Obtain the matrix\(C = A + B\)using the MATLAB command\({\bf{C}} = {\bf{A}} + {\bf{B}}\)shown below:

\(C = A + B = \left( {\begin{aligned}{*{20}{c}}{0.7816}&{0.0931}&{0.7527}&{0.5633}&{0.4373}&{1.2421}\\{0.7997}&{0.9605}&{1.4133}&{0.6264}&{1.3208}&{1.9657}\\{0.3515}&{1.4087}&{0.1719}&{0.9717}&{0.5209}&{1.0317}\\{0.5190}&{1.0860}&{1.8396}&{0.4601}&{0.7133}&{1.0450}\\{1.8305}&{0.8473}&{0.8119}&{1.5411}&{1.1650}&{1.2504}\\{0.9745}&{0.9969}&{0.4825}&{1.1465}&{1.2080}&{1.6469}\end{aligned}} \right)\)

Compute\(\det \left( {A + B} \right) - \left( {\det A + \det B} \right)\)using the MATLAB command shown below:

\( > > \det \left( {\rm{C}} \right) - \det \left( {\rm{A}} \right) - \det \left( {\rm{B}} \right)\)

So, the output is shown below:

\( > > \det \left( {\rm{C}} \right) - \det \left( {\rm{A}} \right) - \det \left( {\rm{B}} \right) = - 0.5297\)

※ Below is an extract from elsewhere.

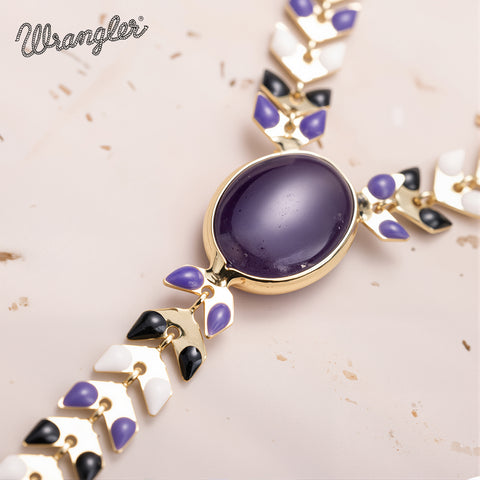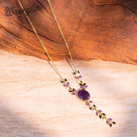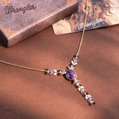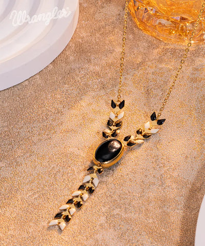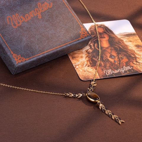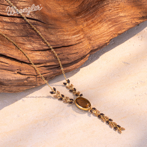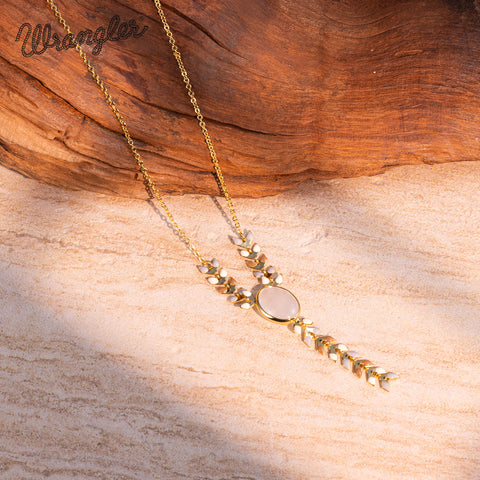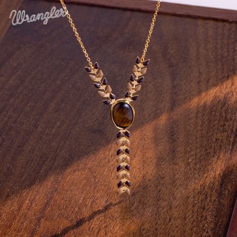 WNS-1057 Wrangler 14K Gold Western Y Necklace Oval Shaped Natural Stone Pendant

Since the difference is not zero,\(\det \left( {A + B} \right) - \left( {\det A + \det B} \right) \ne 0\)or\(\det \left( {A + B} \right) \ne \det A + \det B\).

Therefore, it is not always true that \(\det \left( {A + B} \right) \ne \det A + \det B\).